Amy Wilson at Bellwether
Art in America, Sept, 2005 by Brian Boucher
Art that thoughtfully responds to the current insanity in American politics and the cravenness in our media is like rain on parched earth. Amy Wilson's exciting first solo show presented the perspective of a well-read conspiracy theorist and news junkie, a skeptic who, while articulating widespread dread and mistrust, still holds out hope.
The more than 80 small, horizontal, scroll-like drawings and acrylic paintings in this densely hung show depict cartoonish, Henry Dargeresque landscapes. In the paintings, colors are bright and flat; they are translucent in the pencil-and-watercolor drawings. Blank expanses of sky leave space for the text bubbles that drive the works, otherwise populated by blonde and barefoot little girls battling skeletons. Sometimes the girls lose and have their guts cut out, or hold each others' decapitated heads and cry. All the while, they converse on topics like cynical American foreign policy and heartless global capitalism; supplementary materials at the show identified wide-ranging sources, from Baudrillard to bloggers, cable news to talk radio. Tiny lettering crams the bubbles, sometimes spilling out of them, as if Wilson couldn't edit herself down. Amid all the seriousness are lighter touches: a smiling sun is emblazoned with the words "March of Democracy"; ants emerging from a hill spell out "valor."
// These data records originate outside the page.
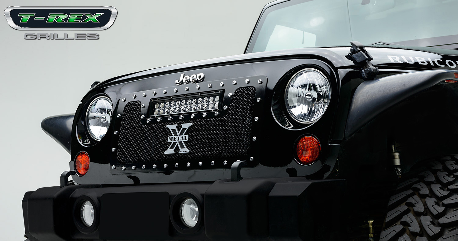 2007-2018 Jeep JK, JKU Torch Grille, Black, 1 Pc, Insert, Chrome Studs, Incl. (1) 12" LED - PN #6314831
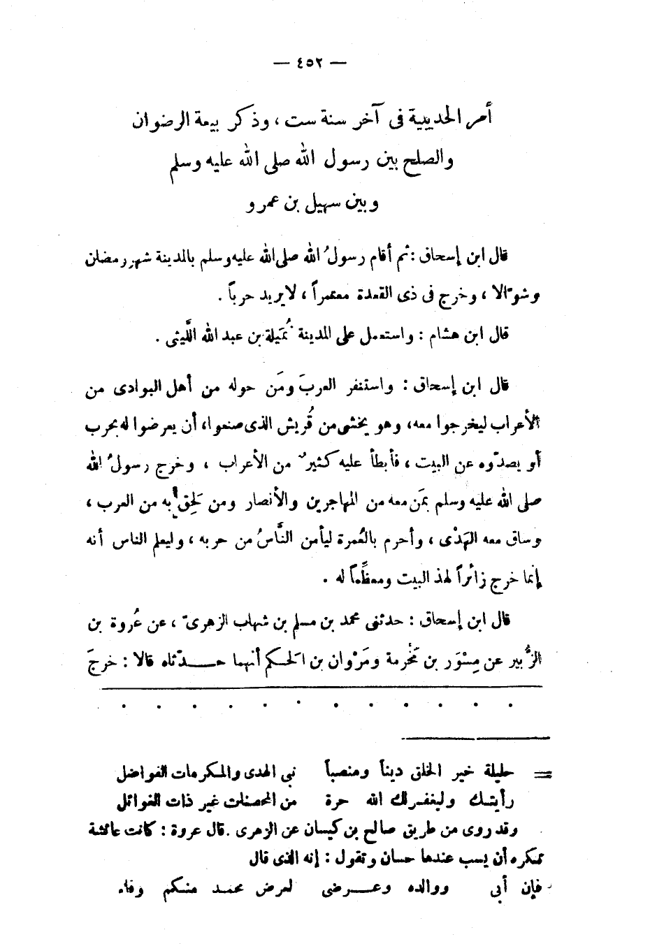 قال ابن إسحاق: حدثني محمد بن مسلم بْنِ شِهَابٍ الزّهْرِيّ، عَنْ عُرْوَةَ بْنِ الزّبَيْرِ عَنْ مِسْوَرِ بْنِ مَخْرَمَةَ وَمَرْوَانَ بْنِ الْحَكَمِ أنهما حدّثاه قالا: خرج
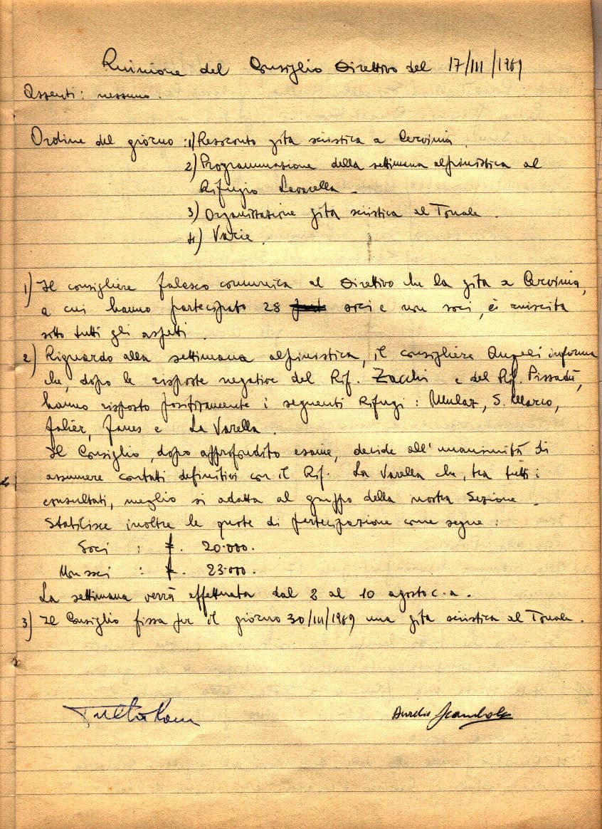 Nella discussione si decide, dopo aver vagliato la disponibilità di vari rifugi, su proposta del consigliere Angeli, di effettuare la settimana alpinistica dal 2 al 10 agosto presso il rifugio La Varella [Lavarella ndr]

Conspiracy theories are Wilson's thing, and the drawings touch on such mainstays as aliens and government mind control. One of her drawings, however, describes the shortcomings of these ideas: "They offer neat and complete answers to very complex problems that then lead to the abandonment of a search for deeper solutions."
"The Global Appeal of Liberty" (2005), a suite of drawings that gave the exhibition its title, exemplifies Wilson's approach, in which various voices address related subjects in a stream-of-consciousness manner. The girls build a boat and contemplate leaving America as a GI describes insurgent attacks. They express a strange pleasure in the idea of government complicity in 9/11: "having all our worst fears confirmed gives us a measure of comfort." Hanging by nooses from palm trees, they expound on the nature of evil in the face of Abu Ghraib while analyzing the flaws of anti-war arguments. The final drawing classifies our Mideast adventure as yet another government lie, as some deem the official accounts of the JFK assassination and Pearl Harbor to have been. But, afloat in their boat, the girls predict the collapse of the current corrupt system and affirm, "There's a twinkle in the eye of every conspiracy theorist, a glimmer of hope for a better life."
More often, though, the tone of the works is despairing: "Is the point to get us all so sick with heartache that we simply stop trying?" In the end, Wilson uses fervid whispering as a response to alienation. Plagued with fear just before the 2004 election, watching people go happily about their business, a character in one drawing wonders with horror, "Is it just me? Am I the only one?" In Wilson's drawings, we find out we're not alone.